The AIM Template Manager is used to generate a set of well-defined questions and corresponding one or more answers to each question in order to facilitate collection of information for a particular purpose, e.g. TCGA GBM study. These questions are contained in AIM XML template file. The file can be consumed by an AIM enabled workstation that will present the questions and answers to a user in a graphical user interface. The workstation captures answers and then exports them as an AIM XML document or AIM DICOM SR, which can be sent to AIM Data Service or DICOM store SCP respectively.
To facilitate this creation of constrained annotations, the AIM Template Manager provides a web based mechanism to create and store templates locally or in an on-line library. The web based application is based on a new AIM template schema. Instances of AIM templates are created by selecting components to be filled in by an annotator. Terms to be used by an annotator can be selected from standard vocabularies and the use of the terms by an annotator specified. The web browser interface allows for editing, renaming and deletion of a template that belongs to the user. The system automatically validates saved templates against the schema to ensure the future annotation will match the AIM model. An image display application can import the template to instantiate a user interface to capture the constrained annotation.

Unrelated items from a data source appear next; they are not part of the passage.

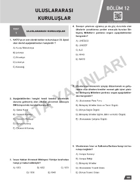 1 ULUSLARARASI KURULUŞLAR leşmiş Milletlerin yardımcı organı aşağıdakilerden
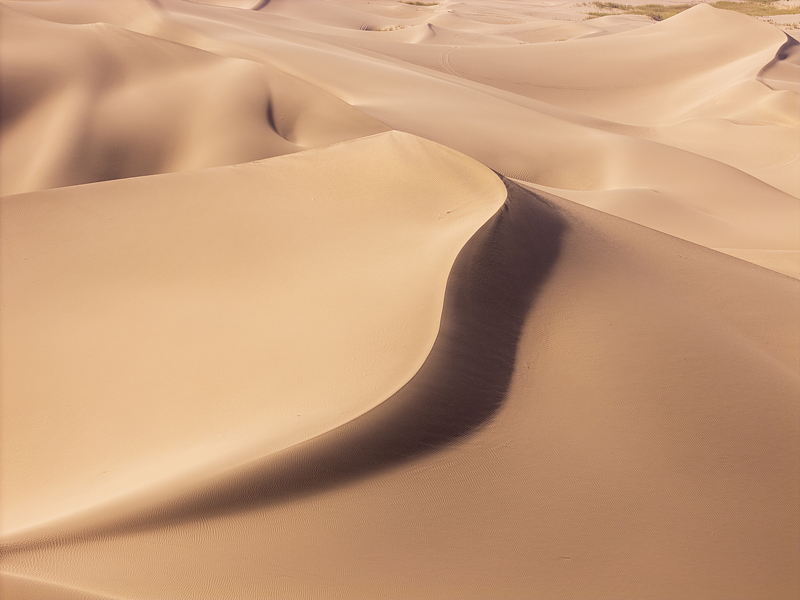 巴丹吉林沙漠的沙丘,就是一盘抹得均匀顺滑的麻酱!金黄的沙面细腻油亮,沙丘的棱线被风 “抹” 得顺滑,光影下的沙脊泛着柔光,像极了被勺子刮过的麻酱表面,连沙粒的质感都带着绵密的 “酱料感”。
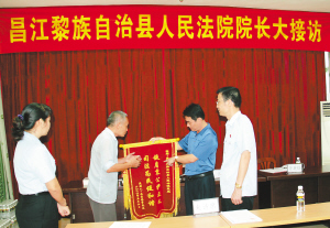 在5月6日的全省法院大接访活动中,昌江法院共接待来访5人,涉及案件5件,全部当场解决。图为一位白发老人戚某为感谢昌江法院为他解决了一宗民间借贷案,来到接访现场,给昌江法院送上一面写着“铁肩秉公护正义,司法为民促和谐”的锦旗。 通讯员 钟国江 摄
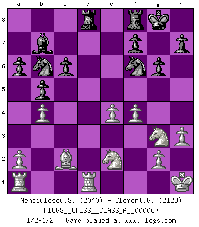 Last move : 1/2-1/2 2010 May 15 15:41:46 [Event "FICGS__CHESS__CLASS_A__000067"] [Site "FICGS"] [Date "2010.03.13"] [Round "1"] [White "Nenciulescu,Silviu"] [Black "Clement,George"] [Result "1/2-1/2"] [WhiteElo "2040"] [BlackElo "2129"] 1.d4 Nf6 2.c4 e6 3.Nf3 d5 4.Nc3 c6 5.e3 Nbd7 6.Qc2 Bd6 7.Be2 O-O 8.O-O dxc4 9.Bxc4 b5 10.Bd3 Bb7 11.e4 e5 12.Rd1 Qc7 13.h3 a6 14.Be3 exd4 15.Nxd4 Rad8 16.Nf5 Bh2+ 17.Kh1 Bf4 18.Bxf4 Qxf4 19.f3 g6 20.Ne2 Qe5 21.f4 Qc5 22.Nfg3 Qxc2 23.Bxc2 Nb6 24.b4 1/2-1/2 Queen's pawn game Kingside Castling by player Black (move 7) Kingside Castling by player White (move 8) This chess game ended in a draw. Follow this game move after move (download)Kasparov : J'adoube , Ivanchuk : S'il vous plaît ! (Garry Kasparov & Vassily Ivanchuk, Linares 1997) Ich würde die 30 stärksten Spieler der USA im Simultanspiel besiegen. (José Raúl Capablanca) Los libros de Ajedrez deben de usarse igual como usamos los anteojos: para mejorar la vista, aunque algunos jugadores los quieren usar como si ellos les otorgaran la vision. (José Raúl Capablanca) Ce qui est bien, c'est d'avoir tout un tas de pièces en prise : l'adversaire ne peut en prendre qu'une à la fois. Cité par Thierry Audin. Computers have lots of memory but no imagination. (Anonymous)
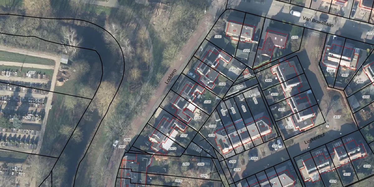 Gebruik de zoekbalk of klik op een perceel voor informatie over de adressen binnen dit perceel.
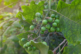 Green organic Turkey berry eggplant on branch . Herbal plant in Thailand and used as an ingredient for many Thai dishes.

For more information, see the AIM Template Manager User's Guide.
A glioblastoma multiform template was designed to leverage a controlled terminology for describing the 26 subjective MR features of human gliomas that was devised based upon prior work (VASARI project). The features comprehensively describe the morphology of brain tumors visualized on contrast-enhanced MRI. They can be captured as caBIGTM AIM formats, i.e. XML or DICOM SR, on the TCGA Radiology research workstation. MR images of TCGA gliomas are located at the National Biomedical Imaging Archive (NBIA).
Image annotations and markups are critical to “tagging” content in medical images. AIM annotations will be critical components of future image based research. The AIM project delivers an information model, encoding standards for the structure and content of image annotations, a web application used to create a controlled set of questions and answers that are captured as coded terms for a computer program to process.